When the meeting is seen in this light, Oxford’s decision looks less like a determined move to crack down on racism within its halls and more like a spineless attempt to distance itself from a scandal. The students themselves policed their membership and took what action they could against those responsible for the unacceptable humour. It wasn’t an officially sanctioned part of the agenda and it was stopped as soon as it could be, and that’s where the matter should have ended.

Once the national press were involved, the result was inevitable: regardless of what the university’s investigation discovered, anything other than draconian action would be presented in the press as condoning racism, and the public would believe it. Many people think that Oxford students and Conservatives are all privately educated, most people think that a private education means the same thing as being a member of the peerage, and everyone knows that aristocrats are all evil. Class war. Right on.

What has been forgotten here is why racism is wrong. It’s wrong because it causes people to be treated as faceless members of a group and not as individuals. It’s wrong because it’s based on speculative and wildly inaccurate opinions about what it means to belong to that group; it’s wrong because it’s ignorant and it’s wrong because it’s unfair. Snobbery is wrong for the same reasons, and it’s a common misconception that it only works in one direction.

The Oxford graduates I know did not go to private school; my parents habitually vote Conservative, and neither has a drop of blue blood. In the same vein, it’s interesting that of all the Conservative party leaders since 1975 including Baroness Thatcher, most have not come from the ranks of the aristocracy or even the gentry. This is not in any way relevant as a measure of their competence as national leaders, but it goes to show that the preconception that informs many of the attitudes I’ve heard over the past few days is – as is so often the case with preconceptions – wrong.

This is not intended as a vindication of the Conservative party, yet it is possible that a certain amount of unfairness has been shown to a student society because of its political and academic affiliations. I feel that the unfairness stems from prejudices among the journalistic community and the public at large against those who are seen to represent privilege. Oxford would be unable to sustain its current intake if it only accepted applicants from certain schools, and it certainly could not expect to maintain its academic standards if it attempted to do so. We may be forced to accept that some people are there on academic merit, and surely nobody would suggest that it’s wrong for students to be affiliated with a mainstream political party.

It may be galling to see other people doing well because they’re more talented than we are, or because they work harder; but it’s scarcely unfair for them to be doing so, and it’s no more an indication of privilege than becoming employee of the month for doing one’s job well. Neither do all people support a particular party because of their class backgrounds: some have even made an informed choice that expresses their own considered views, and that seems quite likely in a talented and well-educated student community. It’s easy and comforting to think that someone might have got where they are by sporting a particular school tie, but ease and comfort are not good motives for wilfully ignoring reality. In any case, envy is an ugly emotion, and it’s not a good basis on which to build social equality.

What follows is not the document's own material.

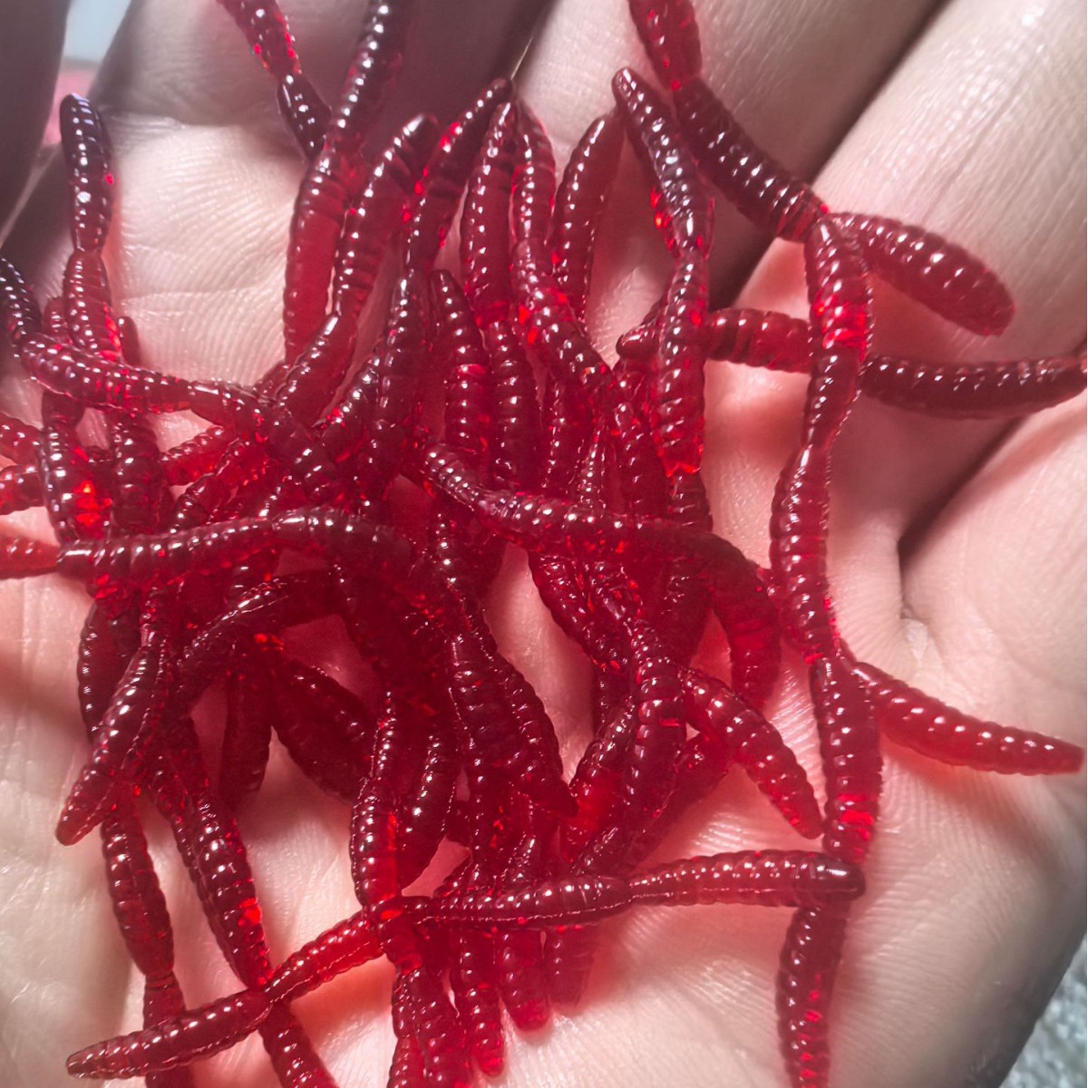 Kualitas tinggi simulasi cacing tanah merah umpan memancing lembut dan tidak ada gerinda menambahkan agen umpan food-grade

Such considerations aside, writing condemnatory opinion pieces based on what one tabloid heard from a student rag is unbelievably sloppy journalism. There’s no excuse for racism in a political association, but neither is there an excuse for lazy, knee-jerk reportage that reinforces class prejudice to sell newspapers. If someone had taken the trouble to track down some witnesses, ask them about the events and come to an informed conclusion about what the answers meant, that would have been different.

As it is, the argument has degenerated into an emotive slanging match that has little to do with the issues or the original events. I can form my own opinions, but I need some facts if I’m to do it effectively. The ladies and gentlemen of the press ought to be giving me those facts, not regurgitating their own commentary.